Your assignment
Output all of the data exactly, keeping any images out of the copy.

Information provided
>>
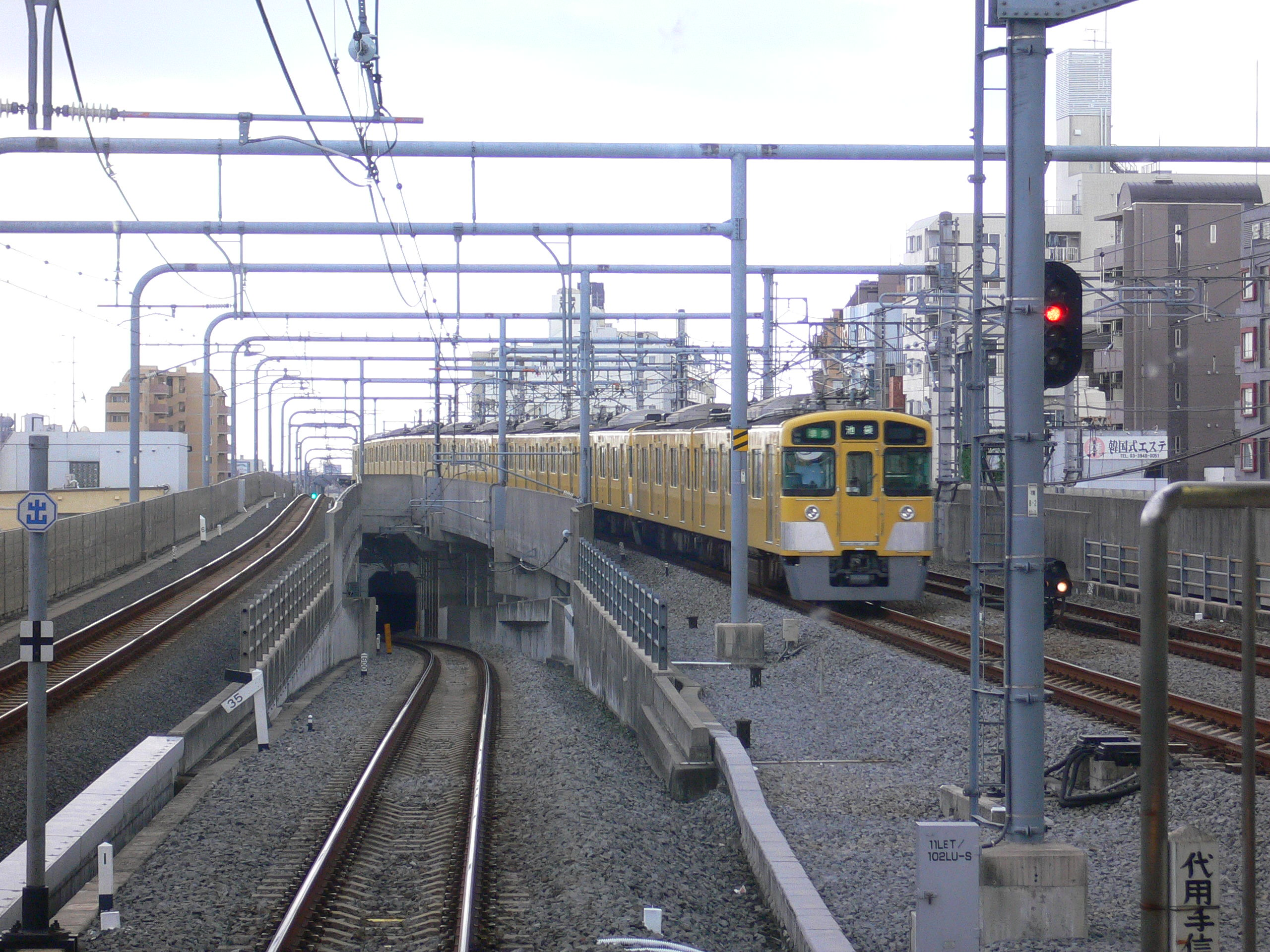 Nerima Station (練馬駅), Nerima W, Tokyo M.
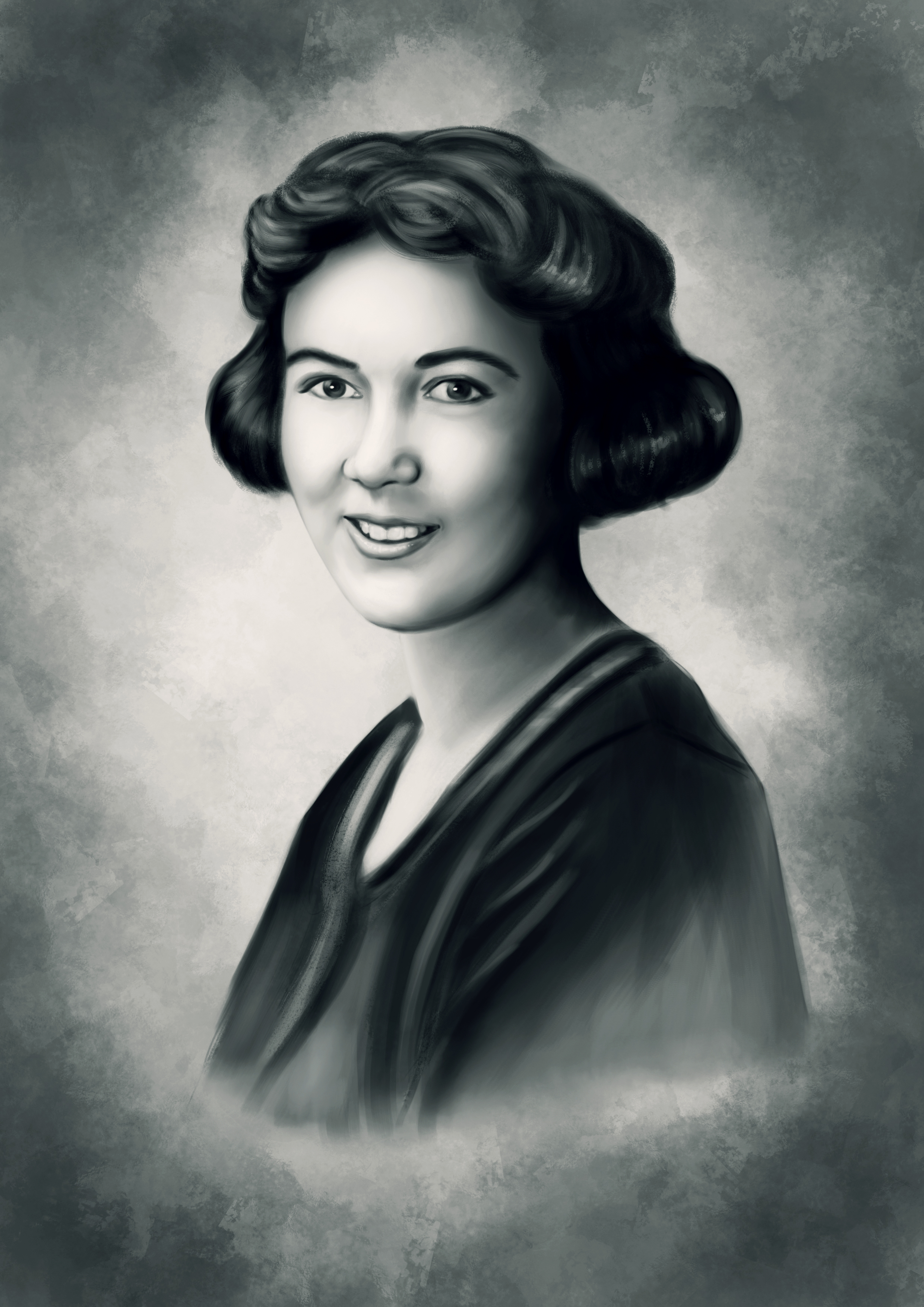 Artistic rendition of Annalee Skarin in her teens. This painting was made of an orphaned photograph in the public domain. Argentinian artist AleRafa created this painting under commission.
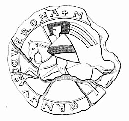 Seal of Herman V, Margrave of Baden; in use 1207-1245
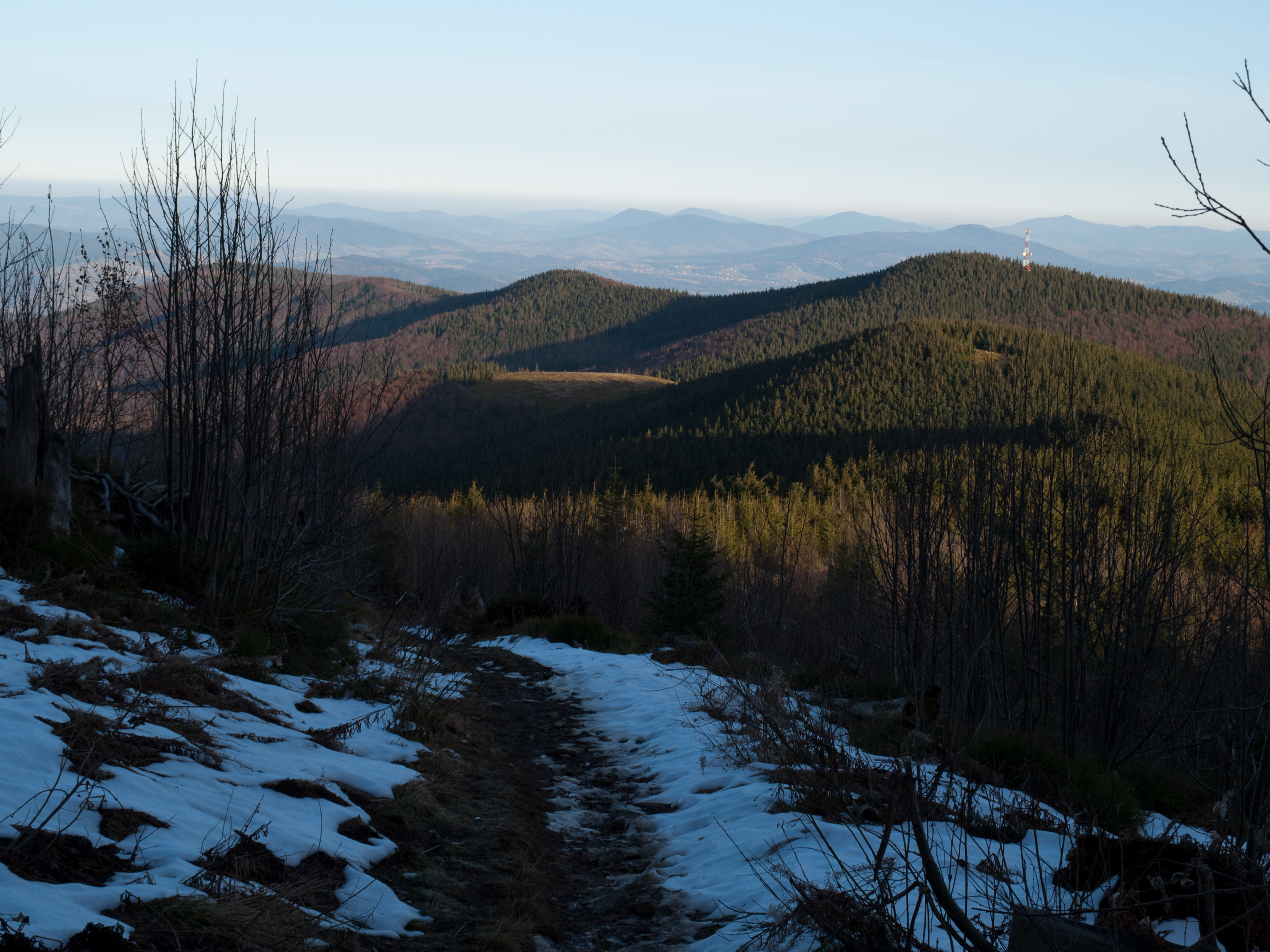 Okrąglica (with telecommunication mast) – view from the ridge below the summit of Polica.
<<
Reply
 Nerima Station (練馬駅), Nerima W, Tokyo M.
 Artistic rendition of Annalee Skarin in her teens. This painting was made of an orphaned photograph in the public domain. Argentinian artist AleRafa created this painting under commission.
 Seal of Herman V, Margrave of Baden; in use 1207-1245
 Okrąglica (with telecommunication mast) – view from the ridge below the summit of Polica.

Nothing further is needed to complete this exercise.